> **WORK TASK**
Only the lines from the beginning of the data through the line holding "#Gent #fotopapier #textielfabriek" belong in the answer, printed exactly and without pictures.

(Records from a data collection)
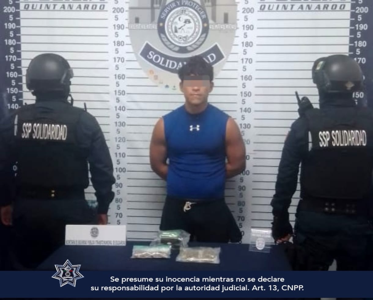 Playa del Carmen, Solidaridad .- Resultado del incremento de patrullaje en la colonia Ejido, policías de la Secretaría de Seguridad Pública y Tránsito Municipal de Solidaridad, realizaron el aseguramiento de una persona en posesión de posible marihuana tras darle alcance cuando pretendía darse a la fuga.
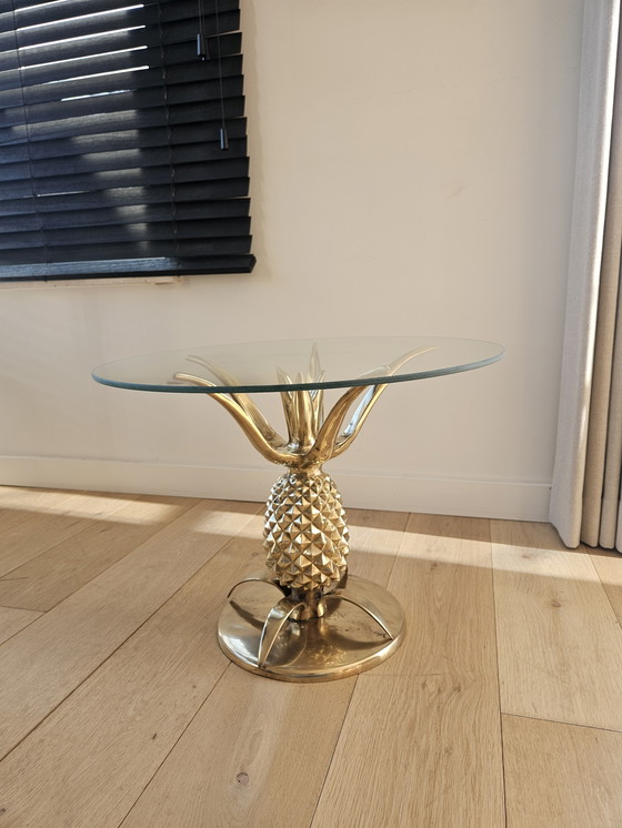 Tavolino da caffè Hollywood Regency Pineapple in ottone e vetro, Parigi, Francia, anni '70
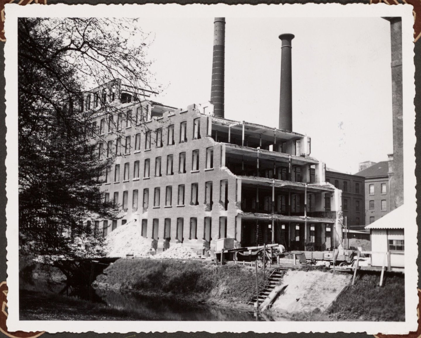 #Gent #fotopapier #textielfabriek #textiel #2de kwart 20ste eeuw #spinnen #vlas #spinnerij #Vlasspinnerij #La Lys nv #industriële architectuur #Brugse Poort - Rooigem #bouw #fabriek #Serck nv #bouwterrein #schoorsteen
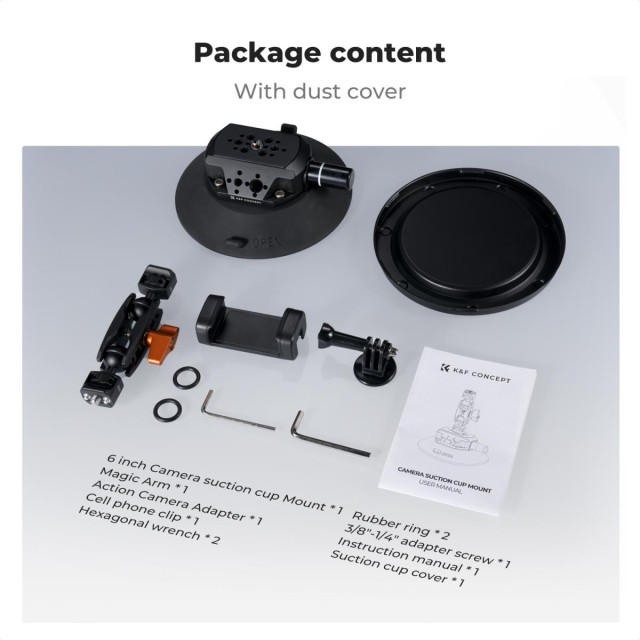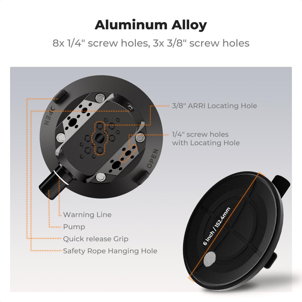 The K&F Concept MS46 is a professional-grade vacuum suction cup mount engineered for stability and versatility. Featuring a 6" (152mm) large rubber suction cup, it utilizes a vacuum pump design to create a strong and reliable hold on smooth surfaces, including car windows, hoods, tiles, and polished wood. The mount’s metal interface comes equipped with both 1/4" and 3/8" screw holes, allowing connection to accessories such as magic arms, pea pods, mobile phone clamps, fill lights, sports cameras, and panoramic cameras. Its 360° multi-angle adjustment provides flexible shooting angles, unlocking creative possibilities for photography and videography. The vacuum pump includes a warning indicator, ensuring safe and effective suction by signaling when the vacuum is fully engaged. This mount is perfect for professionals and enthusiasts seeking a secure, adaptable, and high-quality mounting solution.
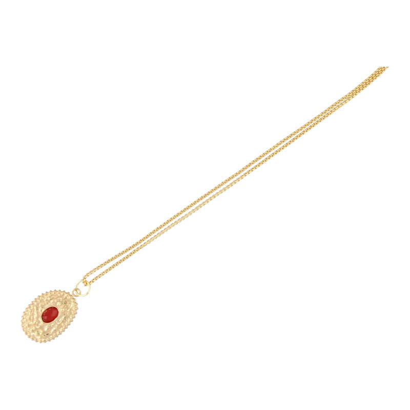 Ketting metaal stainless steel met ronde gouden hanger en agaat oranje steentje
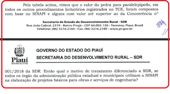 A Secretária de Desenvolvimento Rural (SDR) Patrícia Vasconcelos Lima chegou a informar ao Tribunal de Contas do Estado do Piauí (TCE) que pastas do governo chegam a realizar licitações para pavimentação em paralelepípedo com preço a maior – o que para a Corte de Contas é rotulado de “sobrepreço”.
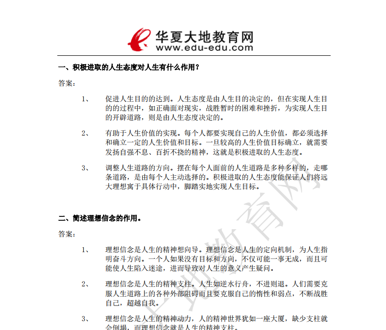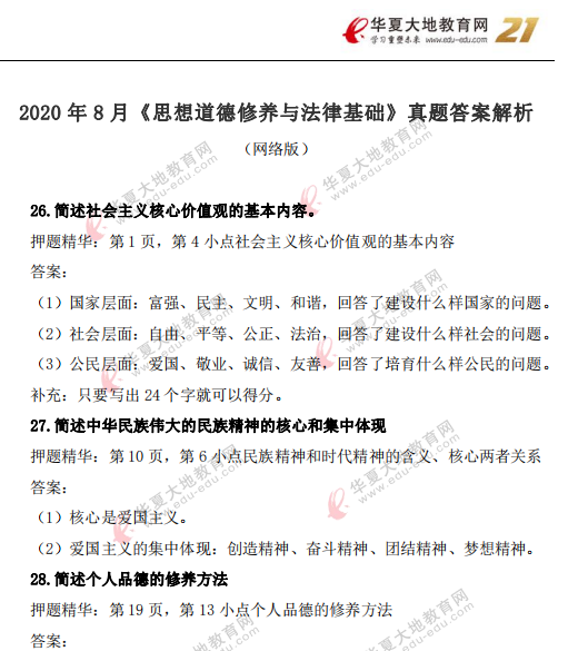 资料简介:2020年8月自考真题及答案—《思想道德修养与法律基础》
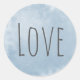 Fondo azul y gris suave, salpicado un poco con purpurina blanco, crea un paladar suave y minimalista para el mundo AMOR. Está escrito en un estilo moderno y con poca profundidad. Perfecto para sellar una invitación a bodas Boho, una ducha de novia o incluso una invitación al 50 aniversario del boda para un par de hippies Baby Boomer.
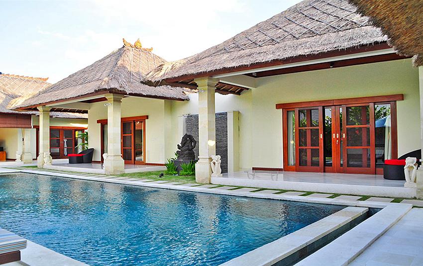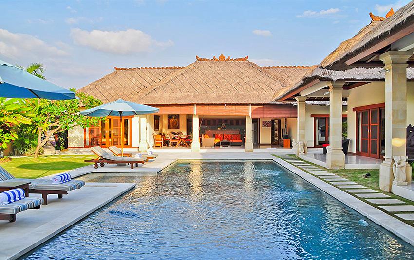 Large and luxury villa in Seminyak, Bali, Indonesia with private pool for 8 persons. The villa is situated in a residential beach area, close to restaurants and bars, shops and supermarkets and at 500 m from Gado Gado beach. The villa has 4 bedrooms and 4 bathrooms. The accommodation offers a lot of privacy, a wonderful lawned garden with trees and a wonderful pool. Its comfort and the vicinity of the beach, places to shop and places to go out make this a perfect villa to celebrate your holidays with family or friends.
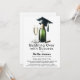 Celebrate graduation in style with this elegant champagne themed invitation featuring a bottle topped with a graduation cap. Perfect for a chic gathering or celebratory toast, this design sets the tone for an event filled with bubbles, laughter, and well deserved pride in the graduate’s success.
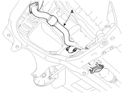 13. Disconnect the power steering fluid return hose (A) for drain the fluid, and remove the hose that connecting between the power steering pump assembly and the fluid reservoir tank. .

> **ANSWER FOR THIS EXERCISE**
 Playa del Carmen, Solidaridad .- Resultado del incremento de patrullaje en la colonia Ejido, policías de la Secretaría de Seguridad Pública y Tránsito Municipal de Solidaridad, realizaron el aseguramiento de una persona en posesión de posible marihuana tras darle alcance cuando pretendía darse a la fuga.
 Tavolino da caffè Hollywood Regency Pineapple in ottone e vetro, Parigi, Francia, anni '70
 #Gent #fotopapier #textielfabriek #textiel #2de kwart 20ste eeuw #spinnen #vlas #spinnerij #Vlasspinnerij #La Lys nv #industriële architectuur #Brugse Poort - Rooigem #bouw #fabriek #Serck nv #bouwterrein #schoorsteen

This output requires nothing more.